News7 min readPublished on 2026-03-09

Microsoft Copilot Cowork: Anthropic's AI Comes to Microsoft 365

Microsoft launches Copilot Cowork, built with Anthropic and Claude AI. Multi-step tasks, Work IQ, M365 integration and E7 at $99/user. What it means for businesses.

Microsoft Copilot Cowork: What Happened

On March 9, 2026, Microsoft announced Copilot Cowork, a new feature that transforms Microsoft 365 Copilot from a conversational assistant into an autonomous executor of complex tasks. The news spread across the tech world for one specific reason: Copilot Cowork is built in close collaboration with Anthropic and uses Claude as the AI model for reasoning.

This is the first time Microsoft has officially integrated an Anthropic model into a mass consumer/enterprise product like Microsoft 365. Until now, Copilot relied exclusively on OpenAI's GPT models. With Cowork, Microsoft opens the door to Claude Sonnet as an alternative for long-running agentic tasks.

For businesses using Microsoft 365, this is a game changer: the technology behind Claude AI — the same powering Anthropic's Claude Cowork — arrives directly inside Word, Excel, PowerPoint, Outlook and Teams.

How Copilot Cowork Works

Copilot Cowork brings multi-step task execution into Microsoft 365. This is no longer about asking Copilot to write an email or generate a table: with Cowork, you can delegate an entire workflow and the AI executes it autonomously, updating you on progress and asking for confirmation on critical steps.

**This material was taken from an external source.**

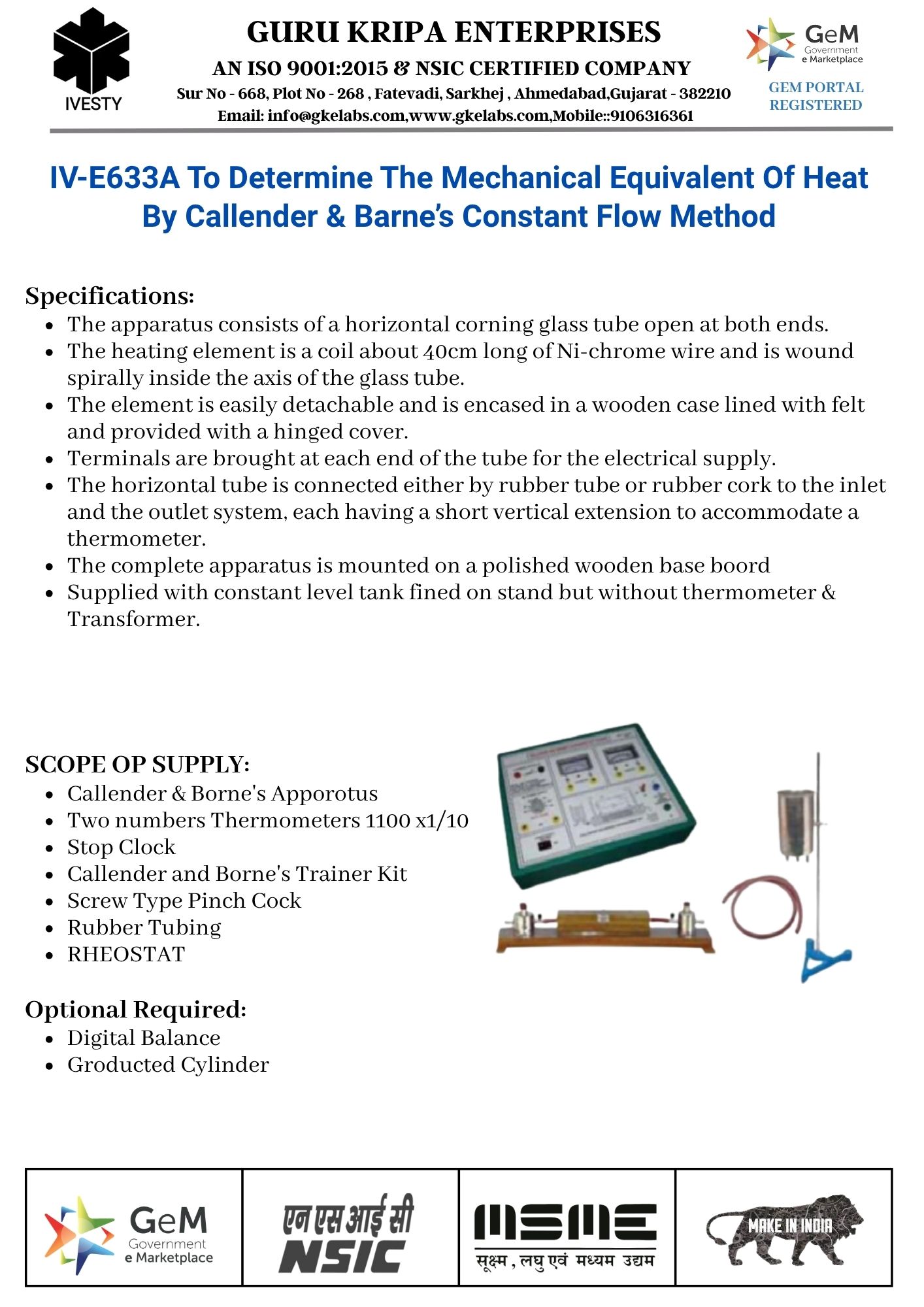 To Determine The Mechanical Equivalent Of Heat By Callender & Barne’s Constant Flow Method

A practical example: preparing a meeting with a client. With a single prompt, Cowork can assemble a PowerPoint presentation from internal data, gather relevant financial figures from Excel, send a briefing email to the team, and block a calendar slot for preparation. All in the background, while you work on something else.

The underlying technology is the so-called agentic harness — the same framework Anthropic uses for Claude Cowork. The model breaks down the request into sub-tasks, reasons about available tools (files, email, calendar, documents) and orchestrates them in sequence, maintaining context throughout the entire execution.

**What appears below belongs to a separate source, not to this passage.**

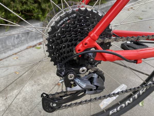 This bike is practically brand new. The red dragon. I have also have a brand new Kryptonite U-lock with 2 keys, bike mount, and a cable for an additional $50. If you're interested. Size: Large...

The Role of Anthropic and Claude AI

The collaboration between Microsoft and Anthropic is at the heart of this announcement. Copilot Cowork uses Anthropic's Claude model as the reasoning engine for agentic tasks. In practice, when Cowork needs to plan, decompose and coordinate a complex task, it is Claude doing the cognitive work.

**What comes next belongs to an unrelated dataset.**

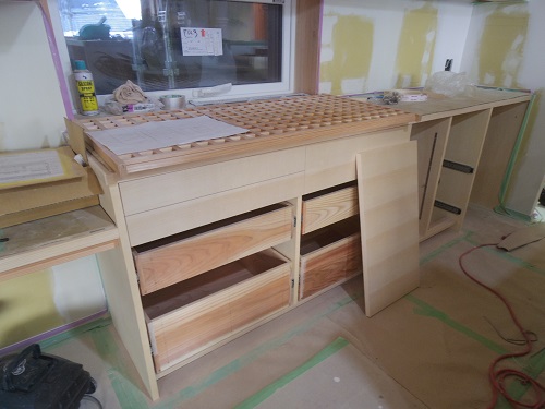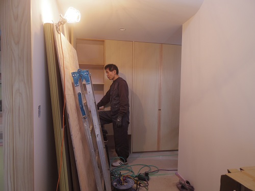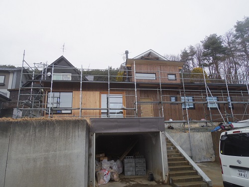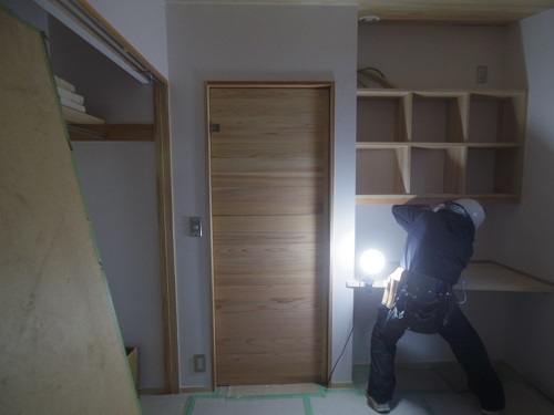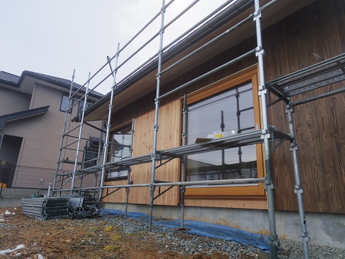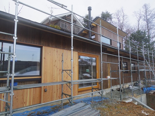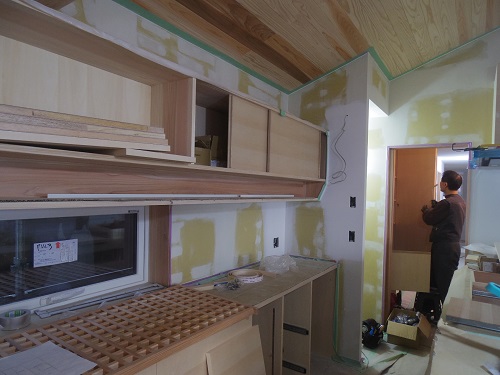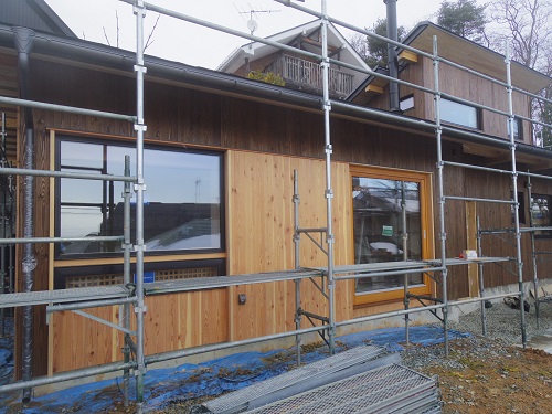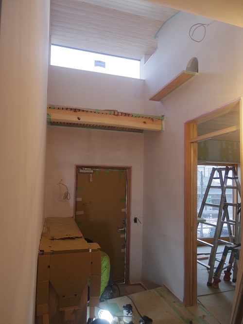 外壁が進み、内装と大工造作は大方で、建具の吊り込みも進みました。

This is significant for several reasons. First: Microsoft implicitly acknowledges that Claude is superior for long-running agentic tasks — an area where Opus 4.6 and Sonnet 4.6 excel thanks to agent teams and the 1 million token context window. Second: Microsoft makes Claude Sonnet models available to all M365 Copilot users — a historic shift away from GPT exclusivity.

For Anthropic, this is a massive validation. Claude moves from niche alternative to core component of a product used by hundreds of millions of enterprise users worldwide. For businesses, it means that investing in Claude expertise has double value: both for Anthropic's direct ecosystem and for the integration within Microsoft 365.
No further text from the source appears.